Pulling them out once again, she spread them out before her and studied them. Yep, all of them were the same. Even the stories were similar. And the magazines themselves, well, they weren’t reputable. US Weekly was pretty reputable, but Star? OK? Not so much. Those rags were also knows for stirring up trouble and then getting sued for that trouble because the tale they’d woven had been all a fabrication. Most of the time from people who’d seen something out of context and woven a tale around it to make that celebrity look particularly bad. Take her incident with Wesley for example. Star had made some pretty lewd suggestions as to what she’d been doing, and had fabricated a tale in which William Giles’ date had found some fun on the side. Any idiot could have seen – sort of – where that was certainly not happening, but to sell magazines...

The one she was really stuck on though was US Weekly. A seemingly reputable magazine. Unless they’d gotten the pictures and the others copied them –hello, law suit—or had gotten wind of the story and the photographer had been paid a hefty sum to get them.

It was almost frightening the way the demise of a relationship seemed somehow planned or instigated by the media at just the outset of it. No wonder these celebrities never lasted long under such scrutiny. No wonder some sued left and right and ran from the paparazzi. They were driven by money and seemingly nothing else.
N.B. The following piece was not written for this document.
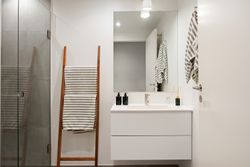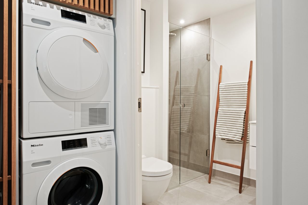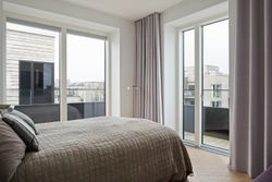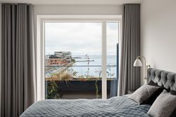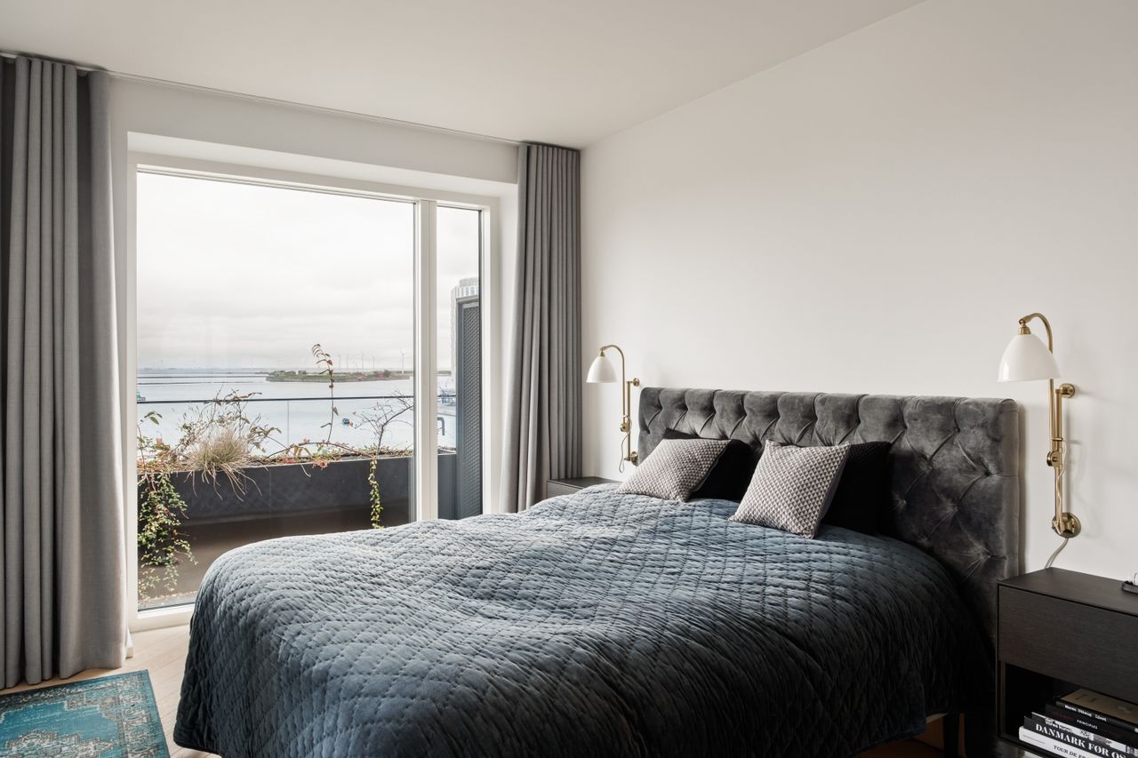 Boligen rummer to soveværelser: ét mod øst med adgang til badeværelse i lyse materialer og ét mod vest med store vinduer, altan og udsigt over havet. Hertil kommer et rummeligt walk-in closet, endnu et moderne badeværelse samt et praktisk bryggers med vaskesøjle.

You had to be made of tough stuff, and your relationship had to be made of even tougher stuff to last under the pressure of it all.

With that in mind – Were those pictures true? Or was something definitely amiss? Just as she was about to pick up her phone, when someone came strolling in her office carrying at least two dozen red roses in front of them.
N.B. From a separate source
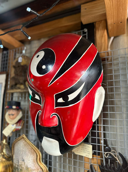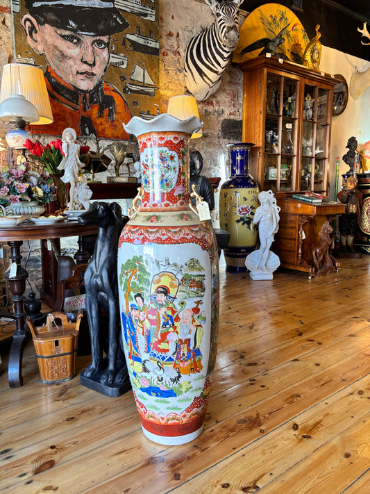 Mid-Century Asian Figural Lamp with Custom Blue Shade – 1950s Orientalist Decor (80cm)
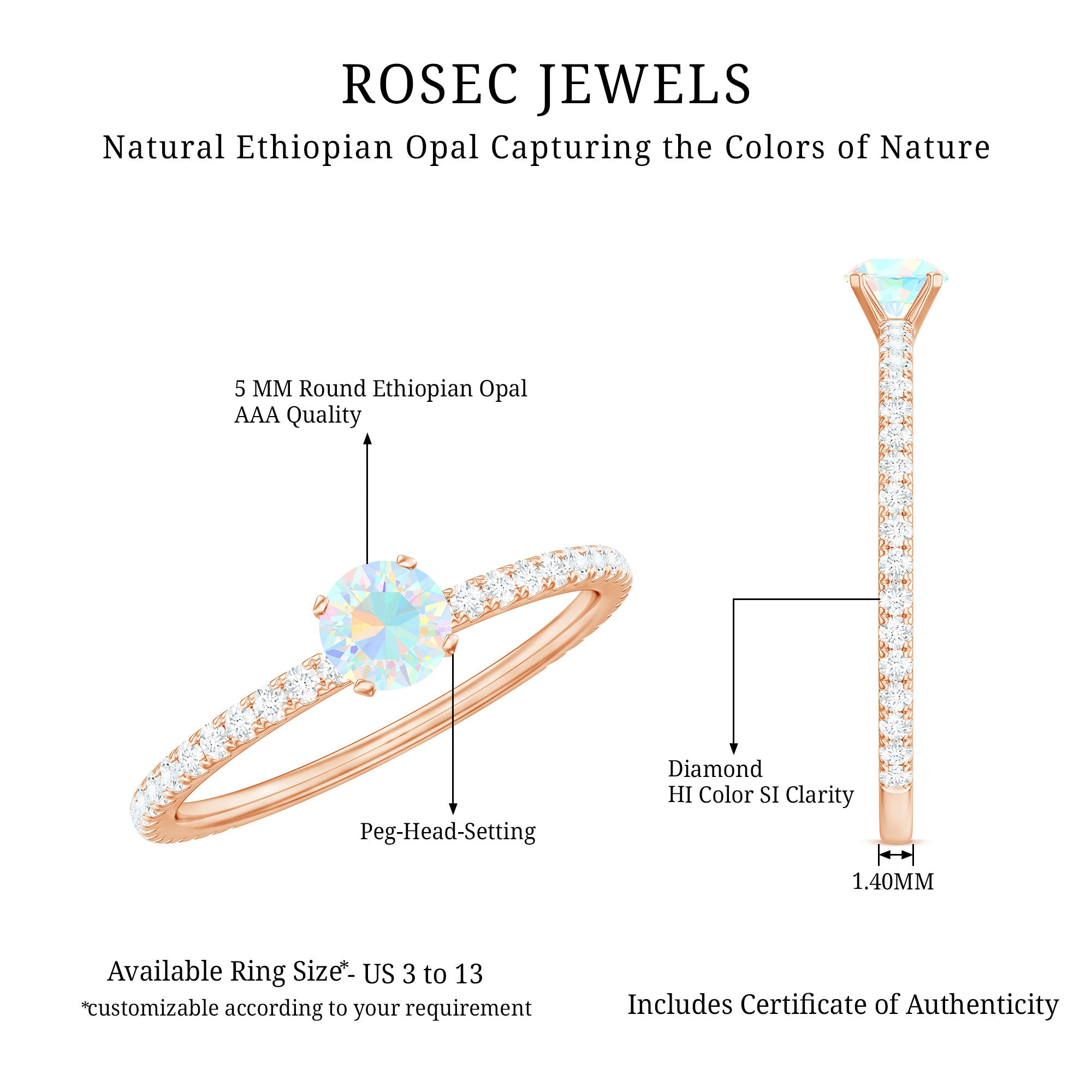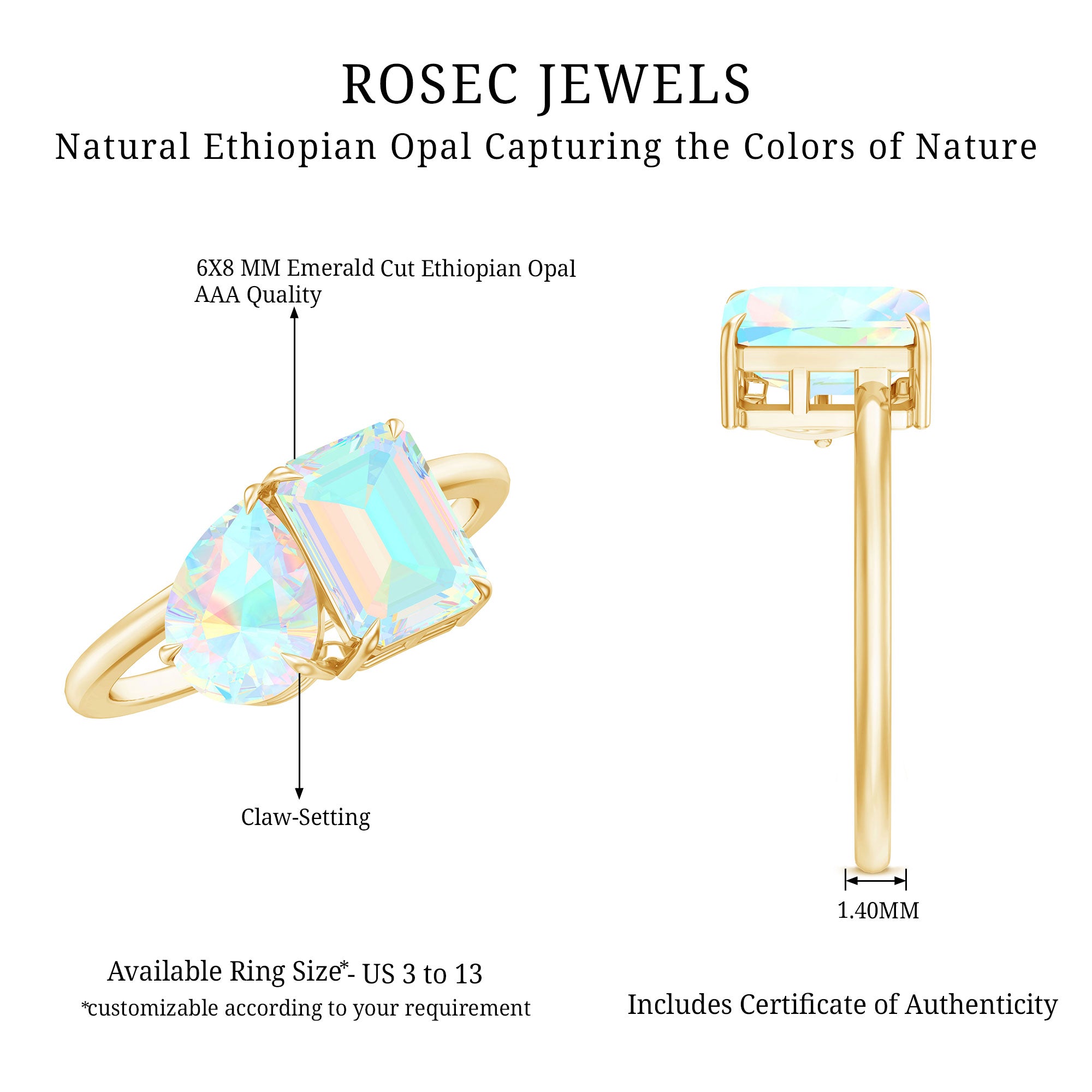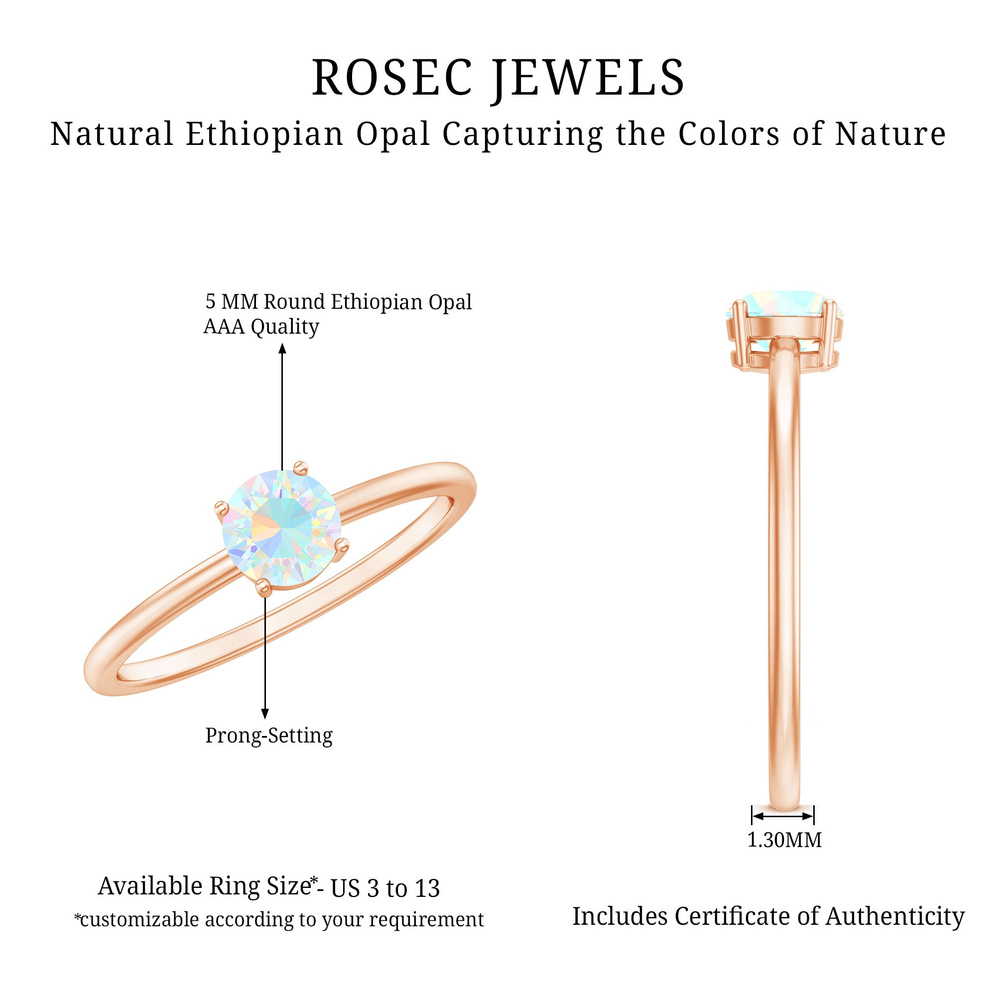 Immerse yourself in the magical world of Ethiopian opals with our stunning opal rings. Each piece is a testament to the beauty of nature and the craftsmanship of Rosec Jewels. Elevate your style and make a statement with our genuine opal rings. Shop your perfect and simple opal ring online with a certificate today!

Moving the flowers aside, Buffy stared at the person before her wide-eyed. “Riley?”

“Hi Buffy. Wanted to ask you something,” he said, and actually seemed nervous.

She sat back and eyed him suspiciously. “And you thought bringing me flowers would soften me?”

He smiled, his dull blue eyes twinkling, “I was hoping.”

She cocked her head and studied him, “What is it?”

“Would you accompany me to dinner?”

Sighing, Buffy gazed at the phone, and then up at him. “Riley—“

“Just as a send off Summers. Don’t want you to leave with bad blood between us.”

”Oh give me a freaking break –“

“I mean it. I really do have a lot of respect for you, Buffy. I think you’re one of the best. Besides, I’ll make it worth your while.”

She narrowed her eyes, “How?”

“I have connections in L.A. I can help you.”

She sighed. What could it hurt? “I just have to make one phone call.”

“No problem. I’ll wait out in the lobby for you,” he said and placed the flowers on her desk.

Picking up the phone, Buffy tried Spike. It went immediately to voice mail. If she had an eight ball for this situation she was sure it would say: Outlook does not look good.